Verem (Tüberküloz) Bulaşmasının Önlenmesi
Verem hastalığının sağlam kişilere bulaşmasının önlenmesinde en önemli faktör, hastalara hızlı tanı konularak en kısa sürede ilaç tedavisi başlanmasıdır. İlaç tedavisi başlanmayan hastalar yaşadıkları evde, çalıştıkları ortamda vs. hastalığı bulaştırmaya devam etmektedirler.
Veremden en etkili korunma tüberküloz hastalarına erken tanı konulup tedavi edilmesi ile sağlanır. Genellikle tedaviye başlandıktan 2-3 gün sonra mikrop sayısı hızla azalır ve 2-3 haftada bulaştırıcılık ortadan kalkar.
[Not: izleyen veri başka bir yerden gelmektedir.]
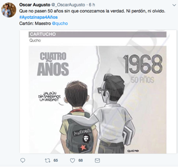 Otra potencialidad del hashtag es la de fungir como espacio articulador de memorias. Al respecto, se muestra cómo, bajo el mismo hashtag, en las imágenes 13 y 14 referentes a los 43 estudiantes de Ayotzinapa, se realizan cruces de memoria con la matanza de estudiantes de 1968 y, para el caso de la imagen 13, también se intersecta con el sismo de septiembre de 2017. Esta convergencia de memorias se da a partir de considerar que los tres eventos tuvieron como telón de fondo a un Estado culpable y omiso.

Doğumdan sonraki 1 ay içinde yapılan BCG verem aşısı erişkinlerdeki hastalığı önlemekten çok özellikle çocuklarda daha çok görülen ve ölümcül olan kanla yayılıp tüm organları tutan yaygın tüberküloz (miliyer tüberküloz) ve menenjit tüberkülozdan korumada etkilidir.
Veremden korkmayın
Sağlıklı yaşam, düzenli egzersiz ve stresten uzak durmak veremden korunmada son derece önemlidir. Bağışıklık sistemi mümkün olduğunda güçlendirilmelidir.
Hasta ile aynı evde yaşayanlara verem mikrobunun bulaşma olasılığı yüksektir. Çünkü aynı havayı en uzun süre paylaşmaktadırlar. Hastalık yayıldıkça ve ilerledikçe tedavi edilse bile akciğerde kalıcı hasara neden olabilir. Oysa erken tedavi ile hiçbir iz kalmadan tedavi edilebilir. Günümüzde ilaçla tamamen iyileşebilen veremden korkmaya gerek yoktur.